(Records from a data collection)
=== Section Start ===

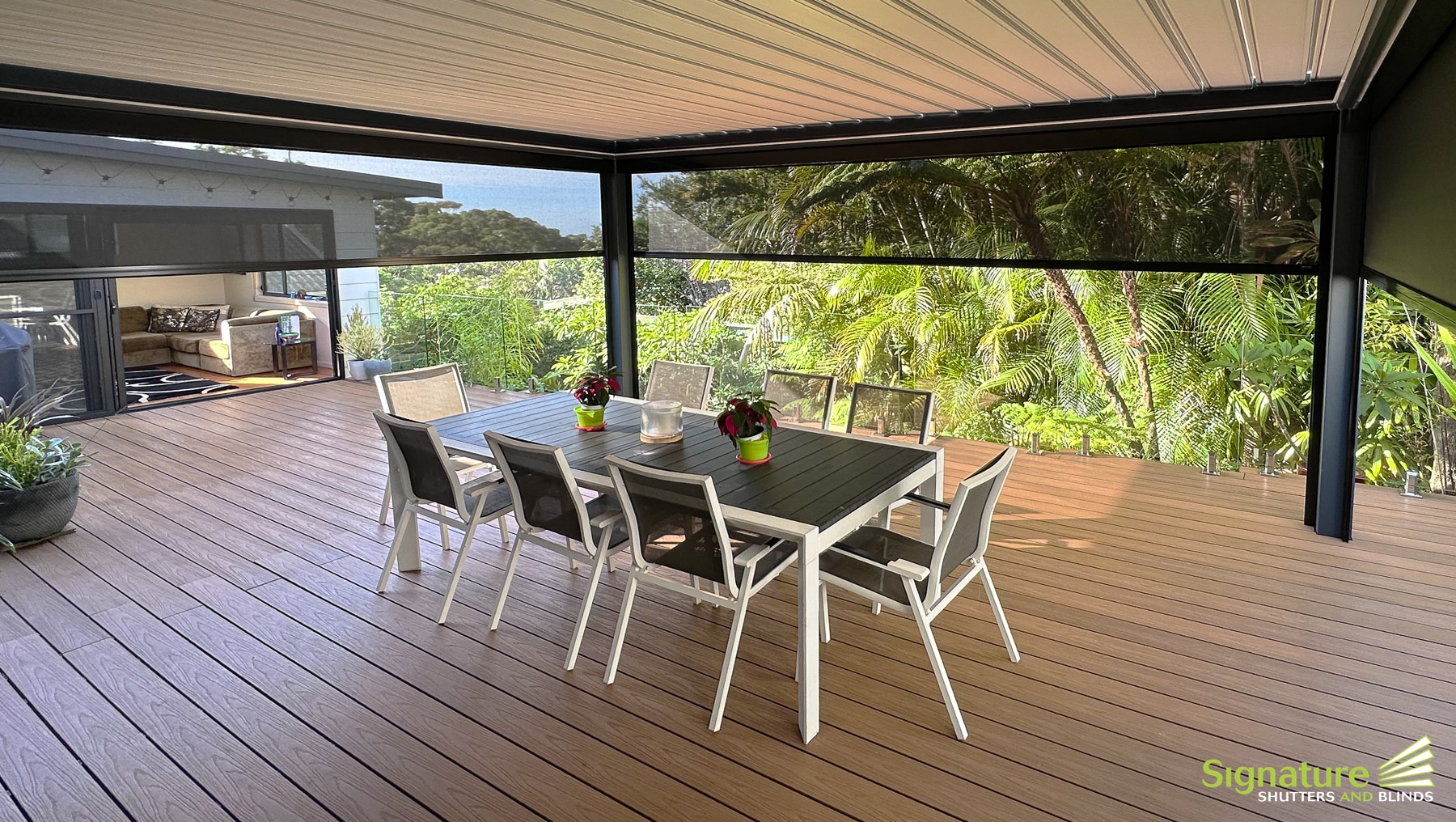External motorised blinds let you control the exact amount of sunlight, breeze, temperature + privacy required for your home and outdoor areas with the touch of a button.
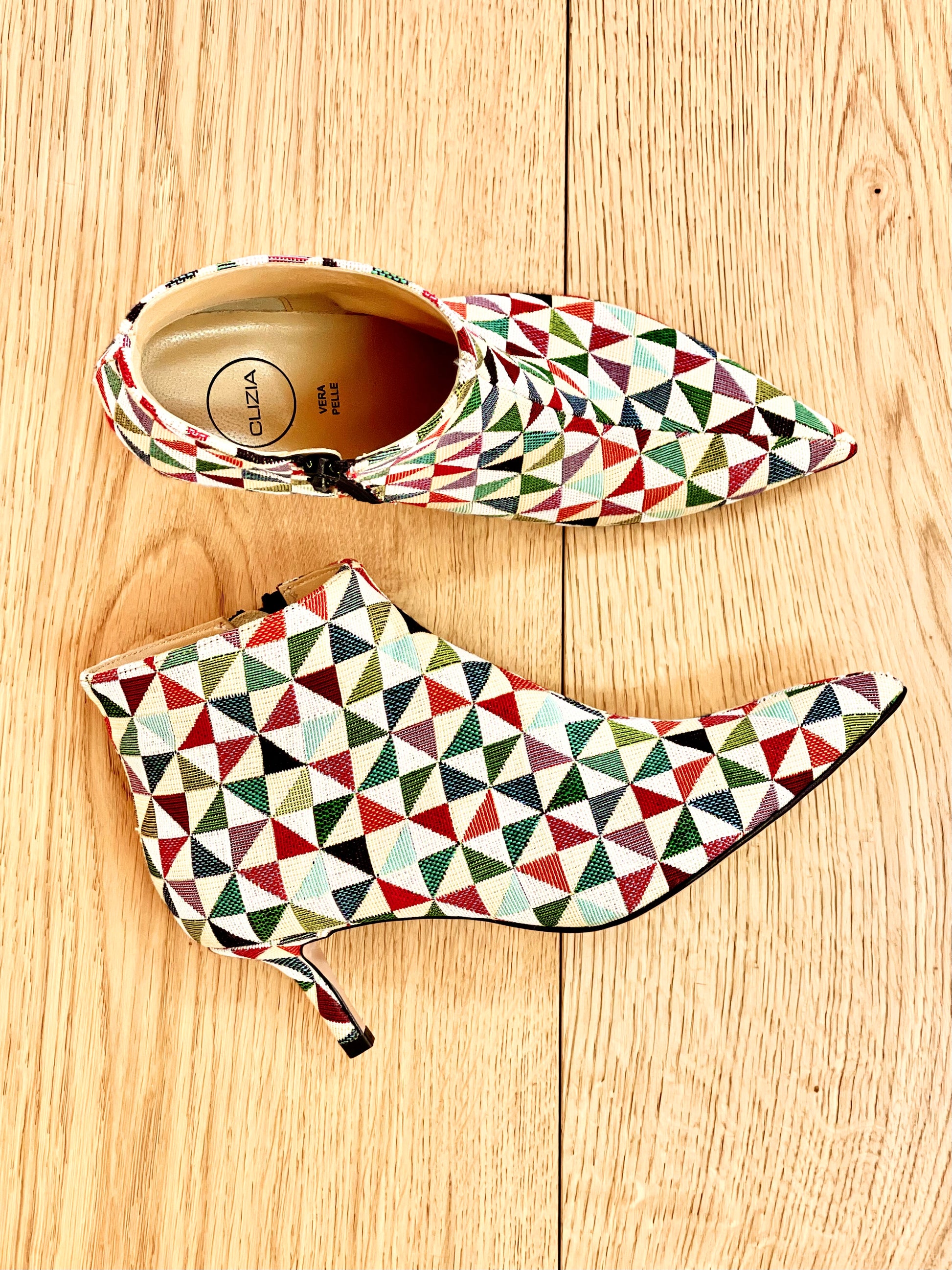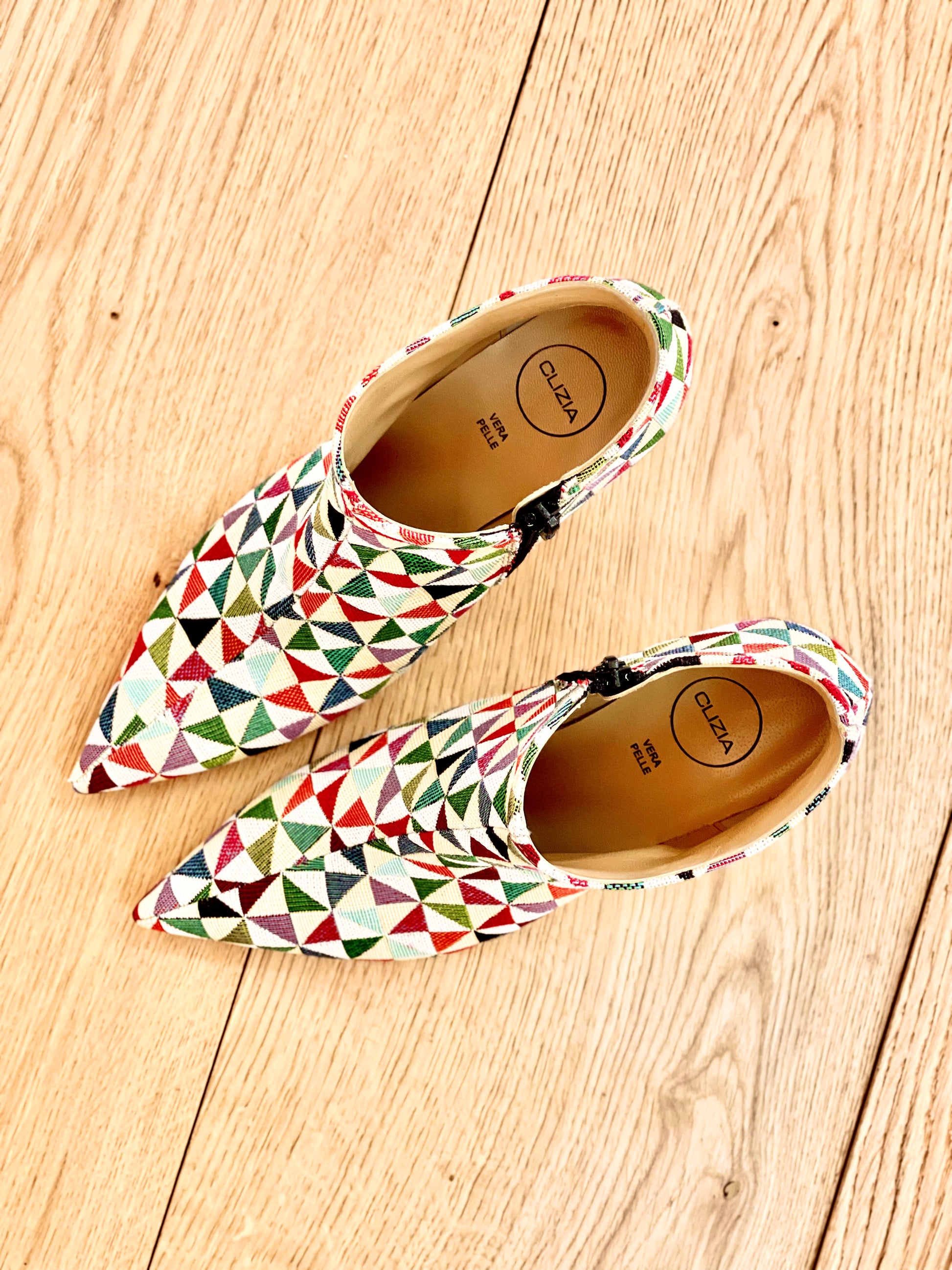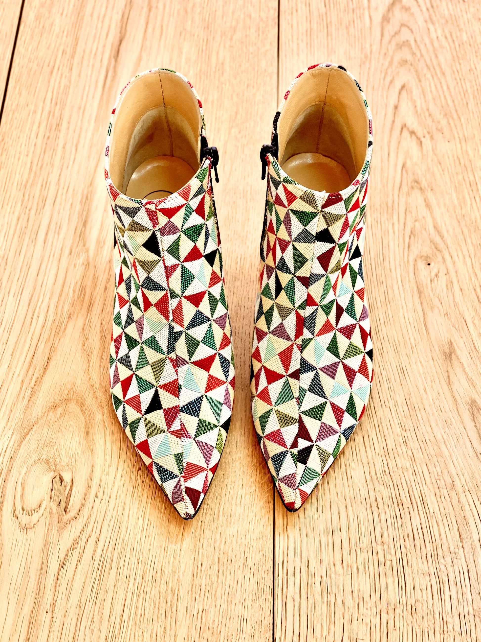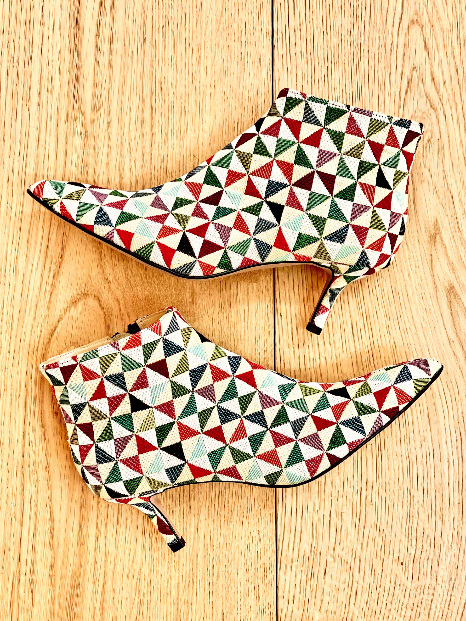 Bottines à bout pointu en jacquard multicolore avec motif triangle.
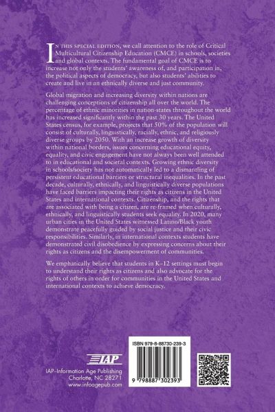 In this special edition, we call attention to the role of Critical Multicultural Citizenship Education (CMCE) in schools, societies and global contexts. The fundamental goal of CMCE is to increase not only the students' awareness of, and participation in, the political aspects of democracy, but also students' abilities to create and live in an ethnically diverse and just community. Global migration and increasing diversity within nations are challenging conceptions of citizenship all over the world. The percentage of ethnic minorities in nation- states throughout the world has increased significantly within the past 30 years. The United States Census, for example, projects that 50% of the population will consist of culturally, linguistically, racially, ethnic, and religiously diverse groups by 2050. With an increase growth of diversity within national borders, issues concerning educational equity, equality, and civic engagement have not always been well attended to in educational and societal contexts. Growing ethnic diversity in schools/ society has not automatically led to a dismantling of persistent educational barriers or structural inequalities. In the past decade, culturally, ethnically, and linguistically diverse populations have faced barriers impacting their rights as citizens in the United States and international contexts. Citizenship, and the rights that are associated with being a citizen, are re-framed when culturally, ethnically, and linguistically students seek equality. In 2020, many urban cities in the United States witnessed Latino/Black youth demonstrate peacefully guided by social justice and their civic responsibilities. Similarly, in international contexts students have demonstrated civil disobedience by expressing concerns about their rights as citizens and the disempowerment of communities. We emphatically believe that students in K-12 settings must begin to understand their rights as citizens and also advocate for the rights of others in order for communities in the U.S. and international contexts to achieve democracy.
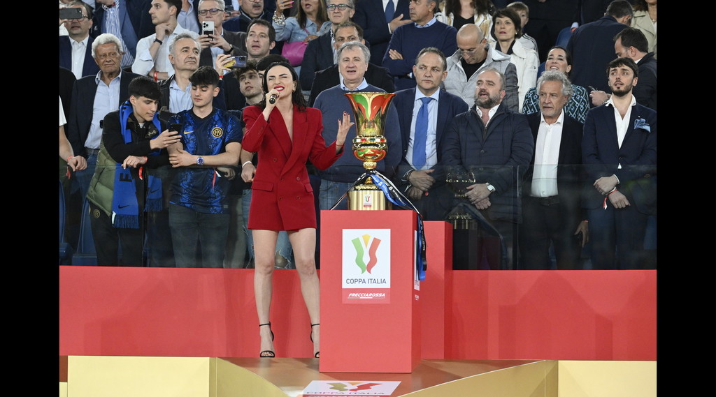 La giacca rossissima che fa da vestito e la scollatura profonda che tifosi e fan apprezzano. Arisa dà voce alla finale di Coppa Italia all'Olimpico tra Juve e Inter e lo spettacolo sulle note del Canto degli Italiani è garantito. L'Inno risuona allo Stadio Olimpico prima dell'inizio del match di serie A ma gli occhi puntati sono tutti su di lei, elegantissima in rosso. Ormai la cantante, pluripremiata, autrice e conduttrice televisiva, è un'icona della musica italiana. E non manca l'incidente hot mentre allarga le braccia e mostra il decollete generoso.
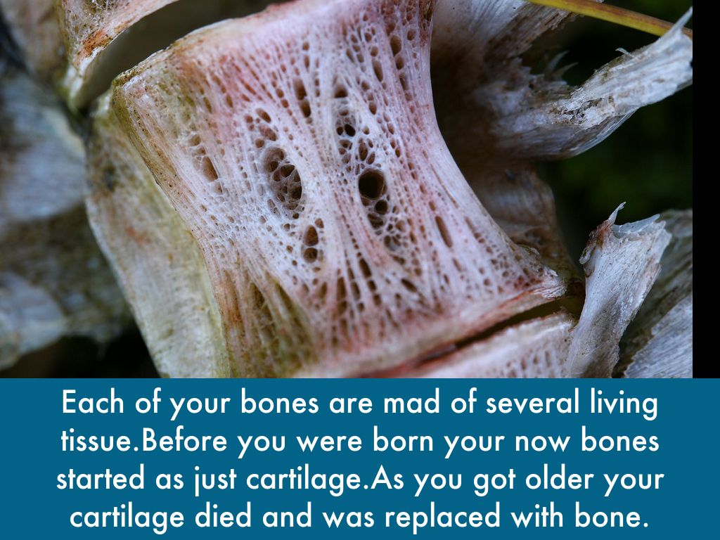 Each of your bones are mad of several living tissue.Before you were born your now bones started as just cartilage.As you got older your cartilage died and was replaced with bone.
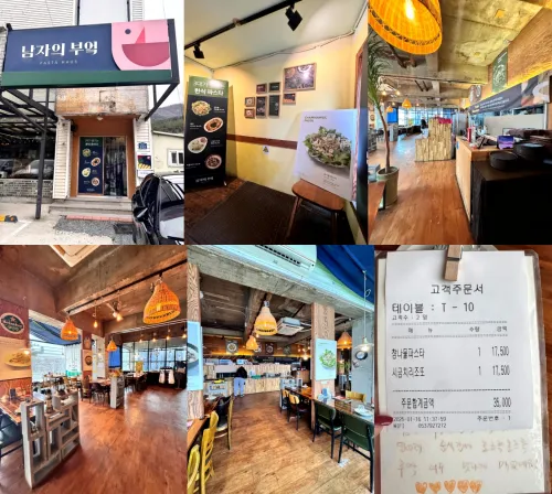 남자의부엌 이탈리아 레스토랑은 깔끔한 화이트 외벽과 귀여운 로고가 눈에 띄는 곳입니다. 입구에는 "3대가 즐기는 한식 파스타"라는 문구가 적힌 메뉴판이 세워져 있어, 들어가기 전부터 기대감을 불러일으킵니다.
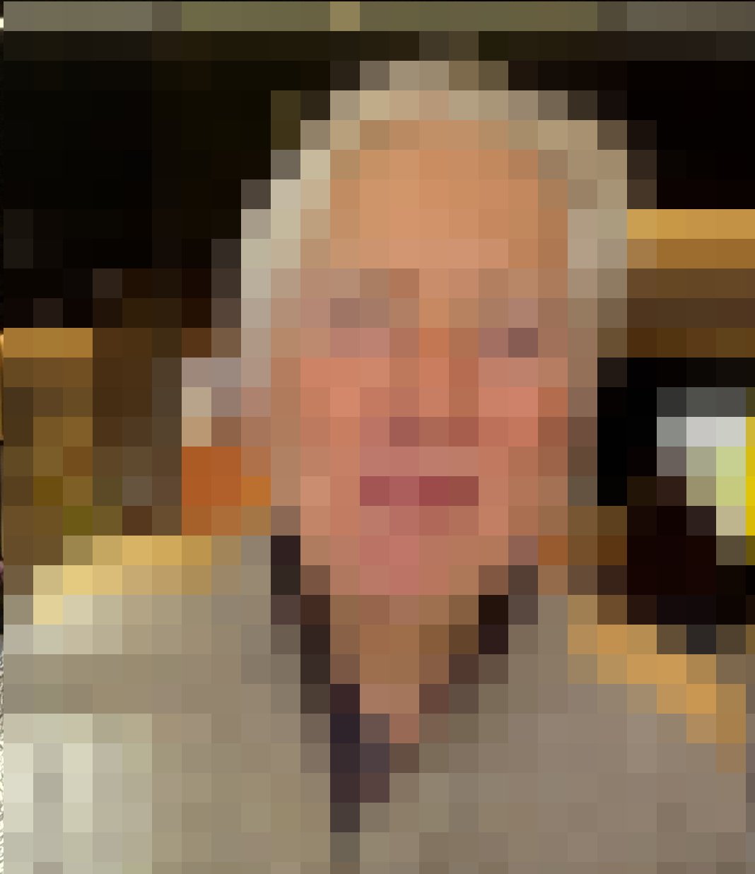 - rosa Hemd, hellgraue Strickjacke mit gelben Schulterbesätzen, schwarze Hose
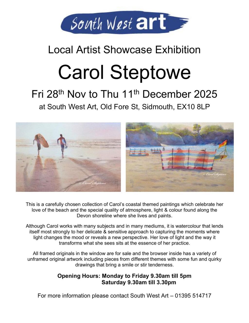 Exciting news....my window exhibition in Sidmouth starts tomorrow! It runs from 28 November – 11th December at South West Art, Old Fore Street, Sidmouth. The lovely team at South West Art have made this poster to share, do pop by if you’re nearby and enjoy some sunshine and colour in the window.

=== Section End ===

> _Task goal_
Your reply should hold every line above exactly as written and none of the pictures.

> _Response_
External motorised blinds let you control the exact amount of sunlight, breeze, temperature + privacy required for your home and outdoor areas with the touch of a button.
 Bottines à bout pointu en jacquard multicolore avec motif triangle.
 In this special edition, we call attention to the role of Critical Multicultural Citizenship Education (CMCE) in schools, societies and global contexts. The fundamental goal of CMCE is to increase not only the students' awareness of, and participation in, the political aspects of democracy, but also students' abilities to create and live in an ethnically diverse and just community. Global migration and increasing diversity within nations are challenging conceptions of citizenship all over the world. The percentage of ethnic minorities in nation- states throughout the world has increased significantly within the past 30 years. The United States Census, for example, projects that 50% of the population will consist of culturally, linguistically, racially, ethnic, and religiously diverse groups by 2050. With an increase growth of diversity within national borders, issues concerning educational equity, equality, and civic engagement have not always been well attended to in educational and societal contexts. Growing ethnic diversity in schools/ society has not automatically led to a dismantling of persistent educational barriers or structural inequalities. In the past decade, culturally, ethnically, and linguistically diverse populations have faced barriers impacting their rights as citizens in the United States and international contexts. Citizenship, and the rights that are associated with being a citizen, are re-framed when culturally, ethnically, and linguistically students seek equality. In 2020, many urban cities in the United States witnessed Latino/Black youth demonstrate peacefully guided by social justice and their civic responsibilities. Similarly, in international contexts students have demonstrated civil disobedience by expressing concerns about their rights as citizens and the disempowerment of communities. We emphatically believe that students in K-12 settings must begin to understand their rights as citizens and also advocate for the rights of others in order for communities in the U.S. and international contexts to achieve democracy.
 La giacca rossissima che fa da vestito e la scollatura profonda che tifosi e fan apprezzano. Arisa dà voce alla finale di Coppa Italia all'Olimpico tra Juve e Inter e lo spettacolo sulle note del Canto degli Italiani è garantito. L'Inno risuona allo Stadio Olimpico prima dell'inizio del match di serie A ma gli occhi puntati sono tutti su di lei, elegantissima in rosso. Ormai la cantante, pluripremiata, autrice e conduttrice televisiva, è un'icona della musica italiana. E non manca l'incidente hot mentre allarga le braccia e mostra il decollete generoso.
 Each of your bones are mad of several living tissue.Before you were born your now bones started as just cartilage.As you got older your cartilage died and was replaced with bone.
 남자의부엌 이탈리아 레스토랑은 깔끔한 화이트 외벽과 귀여운 로고가 눈에 띄는 곳입니다. 입구에는 "3대가 즐기는 한식 파스타"라는 문구가 적힌 메뉴판이 세워져 있어, 들어가기 전부터 기대감을 불러일으킵니다.
 - rosa Hemd, hellgraue Strickjacke mit gelben Schulterbesätzen, schwarze Hose
 Exciting news....my window exhibition in Sidmouth starts tomorrow! It runs from 28 November – 11th December at South West Art, Old Fore Street, Sidmouth. The lovely team at South West Art have made this poster to share, do pop by if you’re nearby and enjoy some sunshine and colour in the window.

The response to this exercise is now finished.